I hate this word...

There are 2 major definitions of "analog": one in electronics and one in literature & science. Unfortunately, the term fails both when applied to film cameras.

There isn't any difference between the electronic and scientific version. Both denote something that changes continuous in time. (the literature interpretation as being "vaguely equivalent" is out of this context)

The problem is how it interpreted by those that have no electronics or scientific background.
 
Now just a minute, doesn't film capture the electromagnetic waves that hit it? Isn't it therefore an electronic medium just like digital. Analogue is a superfluous label.
 
I think the whole point of language is to convey ideas, and almost everyone understands what is meant by the terms analogue or digital photography, the introduction of boolean is as much of a conceit as bokeh was in the last decade ... people use such words as a pretence
 
Both denote something that changes continuous in time. (the literature interpretation as being "vaguely equivalent" is out of this context)

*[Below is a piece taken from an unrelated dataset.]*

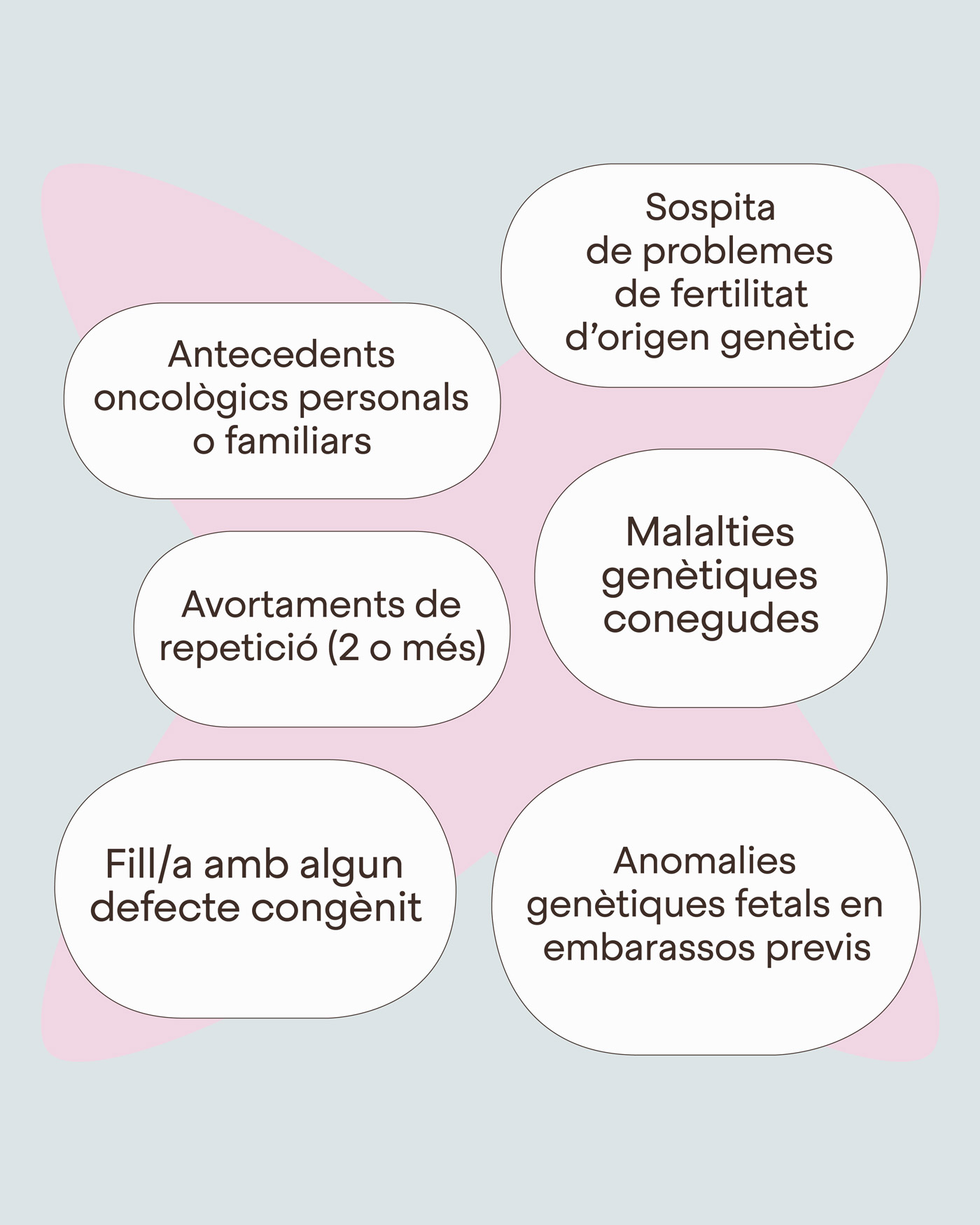 En cas que existeixin antecedents familiars que vulguis evitar transmetre, o bé en cas que desitgis conèixer el risc de recurrència d’aquestes malalties en la teva descendència, l’assessorament genètic ens ajudarà a prendre la millor decisió de salut personal i de planificació familiar.

Back when I learned electronics, the word analogue was used to denote a computing device that predicted a result by creating a copy, hence "analogue", of a real world interaction. The Wikipedia article seems to echo that definition.

Language, of course, is a constantly moving target. The change in meaning began, I imagine, when people started to produce interfaces between digital (i.e. boolean) circuits and continuously variable circuits, such as continuous frequency amplifiers. It's not a big leap from there to regarding the world as analogue, in other words continuously variable, or digital.
 
There isn't any difference between the electronic and scientific version. Both denote something that changes continuous in time. (the literature interpretation as being "vaguely equivalent" is out of this context)

Not quite, they refer to a model of a process, rather than a process itself. In electronics in particular, it's a subject of signal processing with analogue being continuous models and digital discrete.

The signal processing devices thus can be analog or digital. E.g. your turntable is analogue, and CD player is digital. With imaging technology, your granma's Betamax recorder is analogue, while a DSLR is, well, digital.

The term makes no sense when applied to a technology not involving signal processing, e.g. film cameras, ovens, combustion engines and so on. That said I think it's hopeless fighting its misuse.
 
Not all new, and don't get me upset, but funny (at least to me)...

"Glass"
"Soup"
"Wet" prints

oh, and "Giclee (or however you spell it) and "Fine Art Photography"

Cheers,
Gary

I have used "Soup", and "Wet Prints" for over 30 years!!

I hate to hear the words: Shot, and Shoot, referring taking a "Photograph:.

Guns Shoot, not cameras..

@Apreture64... My avatar must bug you also..:rolleyes:
 
In this context, it's not even as though analogue was spelt correctly either . . .
;)

That's an interesting one. In the UK, one would say "analogue" for all applications of the word. In the US, "analog". Myself, I'm Canadian, and therefore torn between the two cultures, so I think most literate Canadians would refer to an "analog computer", but also say that something could be a good "analogue" of something else.

Cheers, eh?
Dez
 
Back when I learned electronics, the word analogue was used to denote a computing device that predicted a result by creating a copy, hence "analogue", of a real world interaction.

So by my Canadian definition, an analog computer would create an analogue of the system it is modelling. Lots of strange word usages in Canada: it is probably the only place where "chips" refers to two different foods, called "fries" or "crisps" in other places. Context is required to understand which one is being requested.